My doctor said I was depressed.

The car accident that nearly broke my back ended my running career, so I never did get to see if I could go faster.  But that’s a tangent.   While I was in physical therapy, I watched what I ate, but after three years and no ability to exercise, that’s tough.  The weight slowly crept back on.  Tim proposed and I began a year long quest to drop weight for the wedding.  I bought an exercise bike and worked my way up to 90 minutes a day and again lived off salads and grilled chicken.  (OK, we had the occasional pizza and beer night, I’m only human!)   I hit yet another unbreakable plateau.  We got married, he joined the Army, I moved in with my parents, regained some weight which didn’t help my back, re-lost the same weight….  He was discharged, we bought a house.  I started eating better again and working out daily.   This time, I lost no weight.

Another doctor told me I was depressed from the pain from the car accident, here, have some Prozac/Wellbutrin.  I spent about a year on those pills before I got tired of feeling like I was touching the world through woolen mittens.

Now, during all this, about a year after we married, Tim and I decided to go off all birth control.  I was allergic to condoms anyway, and for some reason The Pill had stopped working on controlling the Endometriosis, so it was kind of pointless to continue on it.  Nothing.  Not till about Oct of 06.  I had a false positive on a home pregnancy test.  At least they think it was a false.  Or it was very early miscarriage.  The Endo had gotten worse.

My  migraines at this time started lasting a month at a time.  I started to feel utterly overwhelmed again and make stupid mistakes at work.   I couldn’t argue with Tim without crying.  Relations with my mom and dad got even worse.  I started to ache all over, especially when I was tired or cold and I was cold and tired ALL.  THE.  TIME.   Severe dry skin infested my lower arms and calves.

Then, my mother got into a car accident.  During her X-rays, they found odd lumps on her thyroid.  She did some familial research and come to find out, my grandmother (her mother) had had her thyroid removed in 1952 for cancer, but she’d presented with the same sort of lumps on her thyroid as my mother did.  I told my current doctor and she said, “Then let’s get you tested!”  In the meantime, my mother had already undergone the tests; the lumps on her thyroid had grown till they were affecting her voice and her ability to swallow.  She went in for surgery to have it removed then biopsied.

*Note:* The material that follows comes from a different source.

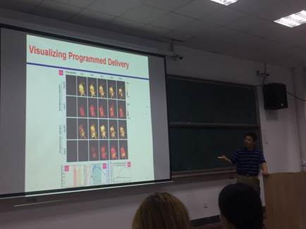 王强斌教授报告题目为“纳米–生物界面的理性设计与功能应用”,报告涉及Ag2S量子点的制备、修饰方法及其在近红外二区生物成像中的应用。就近红外二区生物成像在生物医学中的应用及未来发展趋势等问题进行了深入的探讨,与会师生产生受到很大启发,引发了热烈的讨论。

Cancer.  Of course.  (She was declared cancer-free after a round of radioactive iodine, a treatment that hadn’t yet been invented in 1952.)

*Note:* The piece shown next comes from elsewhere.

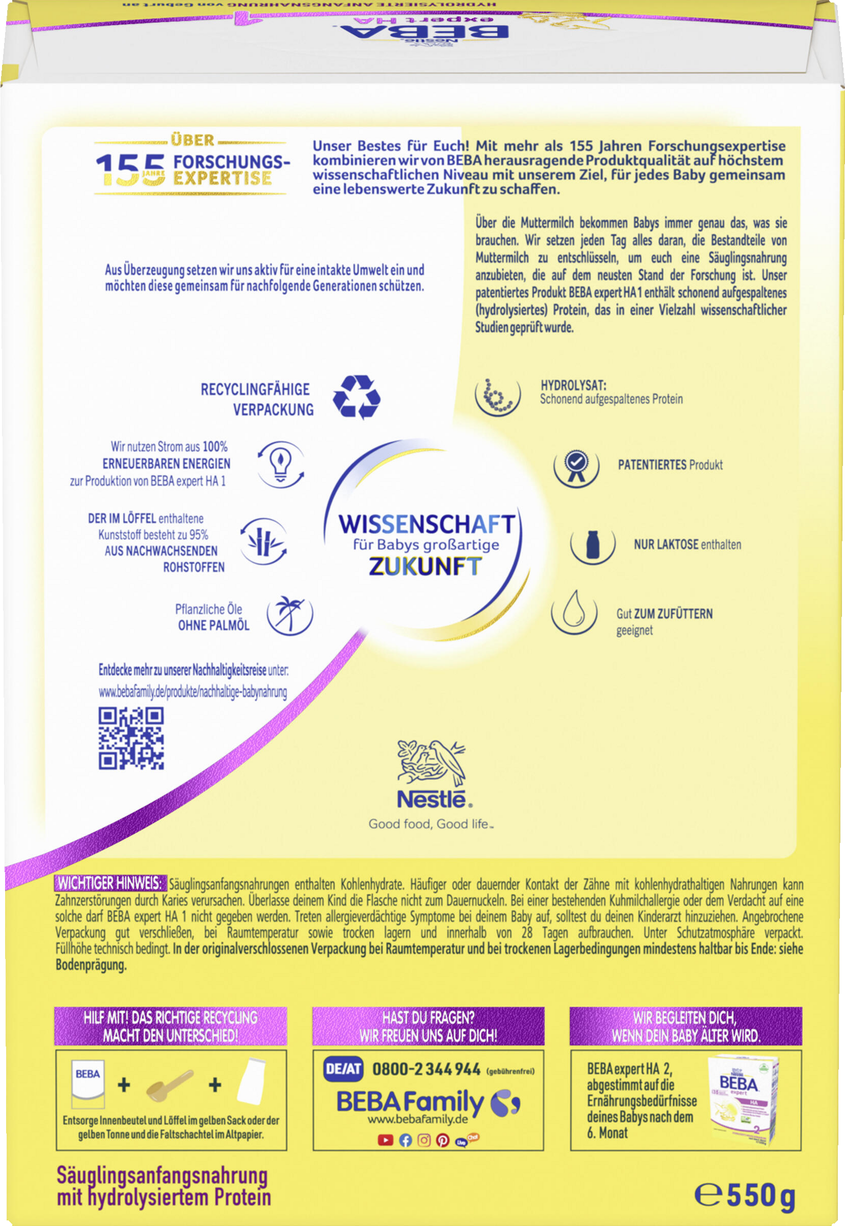 - Erfinder der HA-Nahrung: BEBA ist seit über 35 Jahre Pionier in der Proteinforschung und hat weltweit die erste HA-Nahrung eingeführt

Meanwhile, my own tests had come back with the same lumps on my thyroid as my mother and grandmother and my thyroid tests came back with my TSH levels dangerously low.  Like barely-registering-on-the-scale low.  I got a little scared.  I was 20 years younger than either of them when they started having thyroid trouble.  Was I going to get cancer 20 years earlier, too?  My doctor put me on replacement hormones for the thyroid hormones I wasn’t making any more.  Within 6 months (you have to level up slowly so you don’t go from hypothyroidism to hyperthyroidism), I felt like I was 18 again.  I even started running again (being careful of my back) and dropped 20#.  I am no longer depressed, the Endo isn’t as bad and I have energy for the first time since I was 18.

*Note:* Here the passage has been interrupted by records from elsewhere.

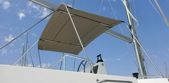 Les toiles permettent de fermer le cockpit et de créer un espace de vie supplémentaire. Les panneaux sont roulables. La fermeture de descente est intégrée à l'ensemble.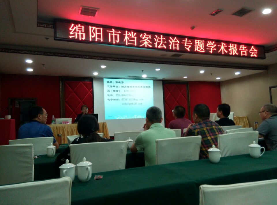 今年是《中华人民共和国档案法》颁布30周年。为认真搞好纪念活动,2017年9月7日下午3:00—5:00,由市档案局主办、市档案学会承办的档案法治专题学术报告会在绵阳新华饭店召开。本次学术报告会的主题是认真学习贯彻《档案法》,持续提升依法治档水平;主讲人是四川省档案局法规处处长张晓芳。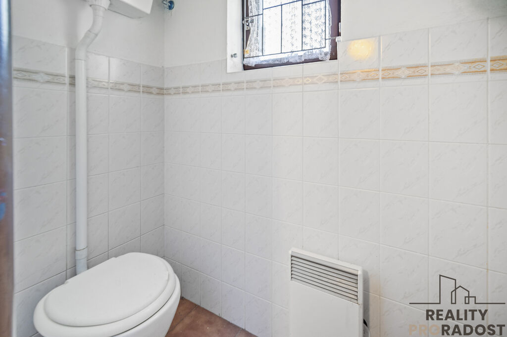 Uvnitř najdete vše, co člověk potřebuje k pohodlnému životu – zavedena elektřina, voda i septik.

Course, right now, I’m seeing a new doctor who is switching me to a synthetic hormone that’s more easily regulated while I’m pregnant (if that ever happens).  But until she gets me back up to a livable level, I get to relive the symptoms of two years ago:  muscle aches, lump in my throat, aching feet, dry skin, and extreme fatigue.  I’ve cut my calories back, though, so let’s hope during this transition I don’t gain back the 20# I’ve lost.  I’m seeing a reproductive endocrinologist, too, that as soon as I’m on a stable hormone level, I’ll be taking Clomid.

I haven’t slain this dragon, yet.  But she’ll be dead, finally, when Tim and I have our first child.